In our example, we created five new variables to facilitate the conditional merge logic:
FirstZ – The FirstZ variable indicates the start of an event segment.
NextZ – The NextZ variable indicates where the pointer within a particular event segment.
Zloc The Zloc variable indicates whether the record for the secondary dataset is before, in or after a particular event segment.
Continue – The Continue variable tells the whether to process the data (i.e., execute event segment rules) within an event segment or move to the next event segment. Continue set to ‘1’ implies that the secondary record is still within the event segment, and the processing should continue. Continue set to ‘0’ implies the pointer for the secondary record is after the event segment, and processing should start for the next event segment.
Noobs - Number of records in the secondary dataset for a particular event segment.
In the conditional merge, the records in the secondary dataset are merged to that of the primary dataset by the set of common variables (which also determine the event segment). If the values belonging to any of these variables in the secondary dataset are less than that of the primary dataset, Zloc is given a value of ‘-1’. If the value is greater, Zloc is given a value of ‘1’. If the values are the same, Zloc is given a value of ‘0’.
Zloc equals ‘-1’ implies that the pointer for the secondary record is before the event segment. The value for NextZ is incremented until it matches the value for FirstZ (Start of the event segment). When NextZ exceeds the number of records in the secondary dataset for the event segment, Continue is reset from ‘1’ to ‘0’ prompting the pattern to evaluate the next event segment. FirstZ (i.e., start of the next event segment) is reset to correspond with NextZ.

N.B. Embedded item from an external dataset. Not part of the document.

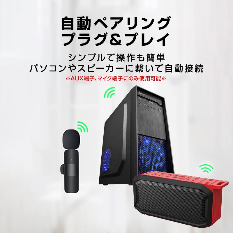マイク2個セットだから、2人実況や配信に便利。アプリダウンロードやBluetooth接続不要、自動ペアリング。幅広い機器に使用可能で、AUX端子またはマイク端子専用。PC、スピーカー、アンプ、一眼レフ、プロジェクター等と互換性有り。軽量で便利なクリップ式ワイヤレスマイク。内蔵チップにより高性能ノイズキャンセル搭載。授業や会議に便利な360°最大20mの広範囲集音。ニコニコ動画、InstagramやYoutubeにTiktok等のSNSや配信アプリ対応。カラオケ、Vlog、ライブストリーミングに最適。商品仕様:端子:3.5mm,寸法(幅*高さ*奥行):マイク:約15.0*63.0*10.0mm、レシーバー:約21.0*65.0*12.5mm,重量:マイク:約7g、レシーバー:約10g,材質:ABS他,内蔵バッテリー容量:50-100mAh,信号対雑音比:<70db,応答周波数:20Hz-20KHz,動作時間:約3-6時間,内容物:本体(マイクロフォントランスミッター*2、レシーバー*1)、充電用ケーブル*1、日本語取扱説明書,※本商品の仕様及び外観等は予告なく変更する場合がございます。※本商品は音声の送信のみ対応しています。音声の受信、または、映像の送受信には対応しておりません。※ヘッドセット端子では使用できません。

If Zloc equals ‘1’, the pointer for the secondary record is below the end to the event segment. Continue is reset to ‘0’ prompting the pattern to evaluate the next event segment. NextZ is reset to correspond with FirstZ (i.e., start of the next event segment).
If Zloc equals ‘0’, the pointer for the secondary record is within the event segment. During this stage, the merge will execute any rules specified within the event segment. For example, if there is a rule to put a new value for a field (i.e., Change ‘N’ to ‘Y’ for a Flag) when the primary and secondary datasets variables (i.e., Sell Date = Buy Date) are the same, that rule will be executed within the event segment. The pointer for the secondary record is also incremented by 1, causing the pointer to move to the subsequent secondary record.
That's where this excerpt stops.